Polyethylene tape. There are more than 30 y of experience with polyethylene tape. It has been applied over the ditch, at the railhead, and in the shop. Surface preparation, an indispensable element in proper coating adhesion, is very difficult in an over-the-ditch operation. The generally poor performance of over-the-ditch tape applications has caused most pipeline companies to abandon them. Occasionally, however, one still hears of a pipeline company that has used its own highly trained crews and has obtained a good over-the-ditch application. 

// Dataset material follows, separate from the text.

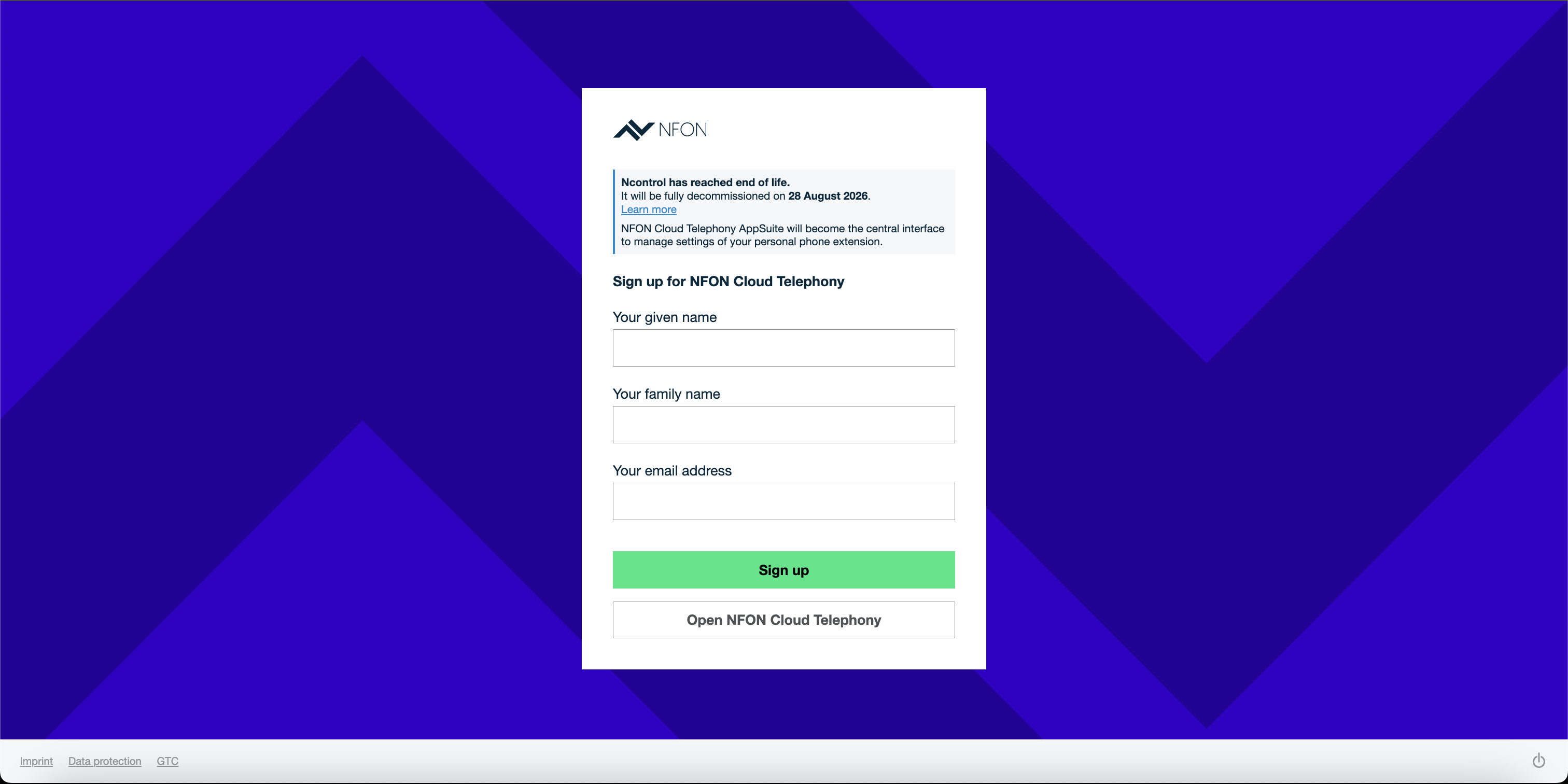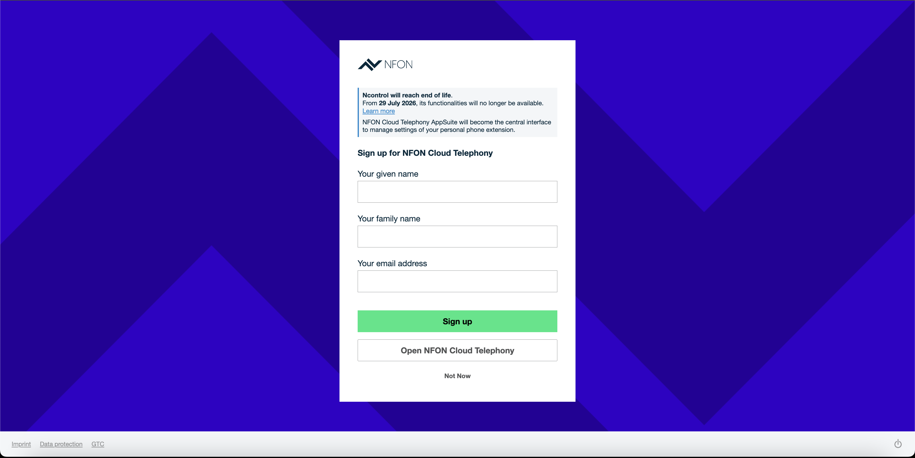 After Ncontrol is decommissioned, you will no longer be able to create a user yourself. Please contact your cloud telephony administrator to obtain a user account for your extension.

Cathodic disbondment is associated with over-the-ditch applications of tape and, to a lesser extent, with shop- or railhead-applied tape. Moisture penetration into the overlap is also a potential problem. For this reason, and to minimize damage during handling, a double wrap is preferred. The potential problems with polyethylene tape have been avoided in many cases, and there is a long history of successful applications.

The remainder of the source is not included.